Friday, 7 March 2014

Robert Longden

I have been interested in photography for as long as I can remember. I think back to my childhood playground which was the South Yorkshire Navigation which was just across the road from my home. I saw barges being filled with coal. Barges being emptied of grain. Loads of timber and steel passing by. Yet I never thought to photograph them.

Other people had a bit more of an eye for a wonderful subject. A few people have managed to catch a flavour of the waterways and the people living and working upon them. Robert Longden was one such person who had an eye for capturing a moment in time. 

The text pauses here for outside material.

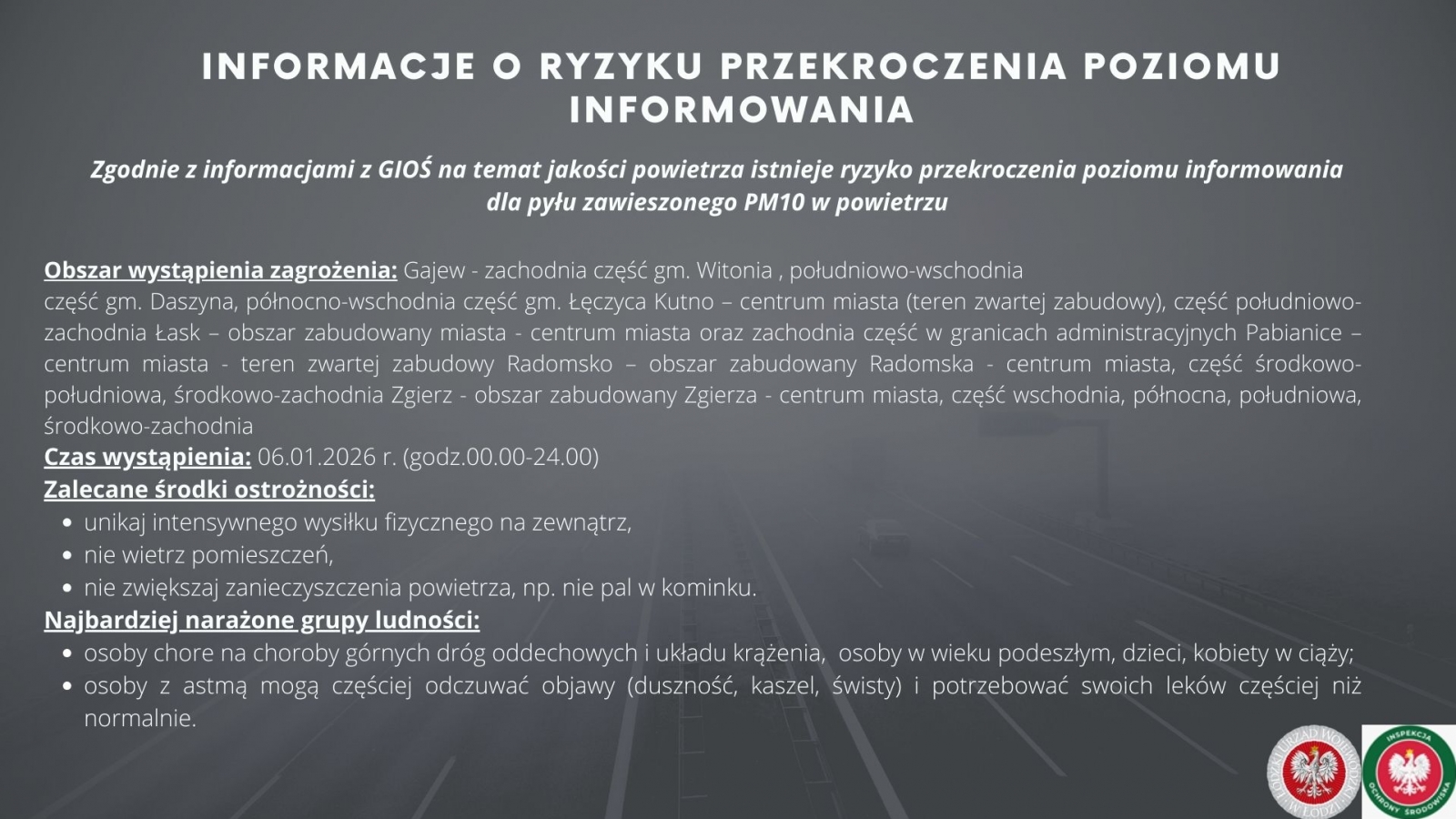 UWAGA! Powiadomienie o ryzyku wystąpienia przekroczenia poziomu informowania dla pyłu zawieszonego PM10 w powietrzu. Zagrożenie: Ryzyko wystąpienia przekroczenia poziomu informowania (100 μg/m3) dla pyłu zawieszonego PM10 w powietrzu

Robert Longden was a factory worker living and working in Coventry. Unlike me and many others he was fascinated by not only by the canals and the boats. But he was also fascinated by the people who lived and worked along the canal. 

Black and white was the medium of the time. Colour images would come along later. But the lack of colour actually adds something to the power and gives great impact to the images.
Many of his photographs were taken around Hawkesbury Junction in the 1940's and 50's. This was a time when we were fast approaching the end of the heyday of canals. The end was not over night but a lingering as the business gradually evaporated. What were once vital industrial routes carrying coal from Britain's biggest mines to to supply the fuel for our factories. 

Longden was in the right place at the right time. But he also had an eye for composition. He was able to capture people when they were relaxed.
 

The end of the commercial carrying on the inland waterways heralded the start of the canals as a leisure industry. Robert Longden's photographs provide a unique view of Britain's canals. The photographs provide an evocative view into the lives of the last generation to work the inland waterways.


 
The wonderful pictures by the one time factory worker turned photographer have been restored and curated by his great grandson Stephen Pochin. The images were made from the original glass slide negatives.



Longden went on to become the president of the Coventry Photographic Society and his photographic skills won several awards. This unique photographic collection conveys an intimate social history of a working life now long gone.